Себастиан легко поднялся, отряхнул колени.
- Простите мой невольный порыв, Уриэль…
- Что все это значит? Вы что же - всерьез считаете меня Иисусом Христом?
- Дело не в имени. - Себастиан опять сел на стул, лицо у него было строгим, печальным. - Я говорил уже вам, если помните, что неоадвентизм не имеет ничего общего со средневековой схоластикой. Мы понимаем, что высший разум, управляющий мирозданием, не нуждается в мифах. Но - массы, Уриэль! Для масс чрезвычайно важна традиция, имя для них имеет первостепенное значение. Второе пришествие Христа всколыхнет планету. Вы возглавите движение, равного которому не знала история человечества, - могучее очистительное движение, которое сметет всяческую скверну и утвердит в качестве единственного и непреложного закона христианскую мораль. Изменится само лицо мира. Завидная, великая миссия!
- Как вы представляете себе это движение? - спросил Ур. - Крестовый поход на танках? Заповеди Христовы, начертанные на корпусах бомб?
- Понимаю, Уриэль… вы меня испытываете… - Себастиан встал, смиренно наклонив седоватую голову. - Но поскольку вопрос задан… Разумеется, движение не осквернит себя насилием. Единственным оружием нашим будет ваше имя, ваше слово, ваши страдания… Я предвижу, как эта одеронская камера станет местом паломничества… Господствующие церкви склонятся перед вами! Исчезнут злоучения, уступив место единственному правильному - учению неоадвентистов, и сам папа будет вынужден уступить святой престол достойному… И над всем этим, над царством божьим на Земле, будет ваше имя, Уриэль!
Ур засмеялся. Страшновато, гулко прозвучал в тюремной камере его отрывистый смех.
- Я готов выдержать любое испытание, Уриэль. Вы вольны сами назначить день и час, когда пожелаете объявиться. Но осмелюсь напомнить: нет смысла тянуть. Все-таки сейчас не библейские времена, ни к чему затяжное мученичество… Вас продержат тут долго. Прувэ, насколько я знаю, не намерен торопиться. Прошу вас подумать. Одно ваше слово - и я начинаю действовать, и в тот же день вы на свободе.
- Уходите, Себастиан.
- Ухожу. Еще раз прошу все обдумать. Доверьтесь мне, Уриэль. Завтра, если разрешите, я приду снова.
Он подошел к двери и постучал. Дверь отворилась. Себастиан с поклоном вышел.
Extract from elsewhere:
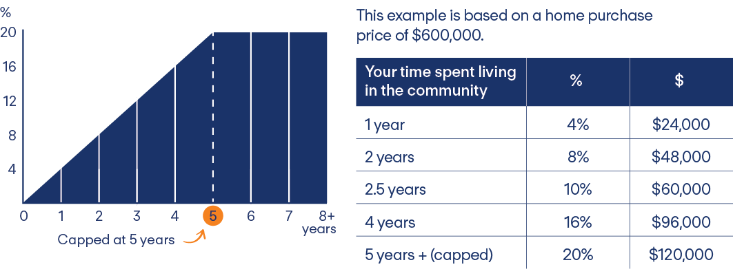 If you leave partway. through a year, you'll only pay a proportional (pro-rata) amount of that year's 4%. No matter how long you stay, you'll never pay more than 20%. This gives you clarity from day one and allows you to keep any capital growth of your home.

Некоторое время Ур сидел неподвижно. Болела голова, хотелось пить. И опять возникло неясное ощущение беды, случившейся не с ним, но с близким человеком. Уж не с матерью ли произошло что-то?.. Пока не поздно, надо уходить.
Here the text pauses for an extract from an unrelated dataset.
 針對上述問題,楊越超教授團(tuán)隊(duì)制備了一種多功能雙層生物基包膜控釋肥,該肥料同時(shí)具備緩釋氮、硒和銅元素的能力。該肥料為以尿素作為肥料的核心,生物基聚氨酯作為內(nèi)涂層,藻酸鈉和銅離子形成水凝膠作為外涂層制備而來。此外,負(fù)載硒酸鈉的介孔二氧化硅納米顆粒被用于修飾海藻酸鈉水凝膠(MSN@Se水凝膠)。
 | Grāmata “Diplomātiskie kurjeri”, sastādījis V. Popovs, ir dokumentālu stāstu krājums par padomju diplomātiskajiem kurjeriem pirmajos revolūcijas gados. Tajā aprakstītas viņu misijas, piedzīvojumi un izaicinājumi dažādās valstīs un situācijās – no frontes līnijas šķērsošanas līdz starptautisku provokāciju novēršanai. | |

На очередной вечерний допрос комиссар, Прувэ вызвал Ура к себе в кабинет.
- Должен вас проинформировать, мсье, - начал он, - что все студенты, за исключением нескольких зачинщиков, выпущены. У нас не было бы особых оснований задерживать вас дольше, чем студентов, если бы не необходимость выяснить вашу личность. Между тем интерес к вашей личности большой. Газеты - ладно, им бы только пошуметь. Но вот обрывает у меня телефон доктор Русто. Завтра приедут из Парижа ученые, целая группа, они жаждут познакомиться с вами. И потом этот Себастиан… - Прувэ хитро прищурился. - Понимаю, как было приятно вам встретить тут старого знакомого, не так ли?
Он вел допрос со вкусом. В кои-то веки в сонном Одероне, ничем, кроме старинного кардинальского дворца и университета, не примечательном, произошло нечто из ряда вон выходящее. Это ничего, что парень упирается. Было бы даже жаль, если бы он сразу «раскололся». Кем бы он ни был - пришельцем или разведчиком, - он вытащит имя Прувэ из провинциальной безвестности…
- Итак, мсье, повторяю все те же вопросы: кто вы и откуда? С какой целью прибыли в Санта-Монику?
- Запишите, - сказал Ур, помолчав немного, и Прувэ с готовностью схватил ручку. - Пишите: я прибыл для того, чтобы попить оранжад.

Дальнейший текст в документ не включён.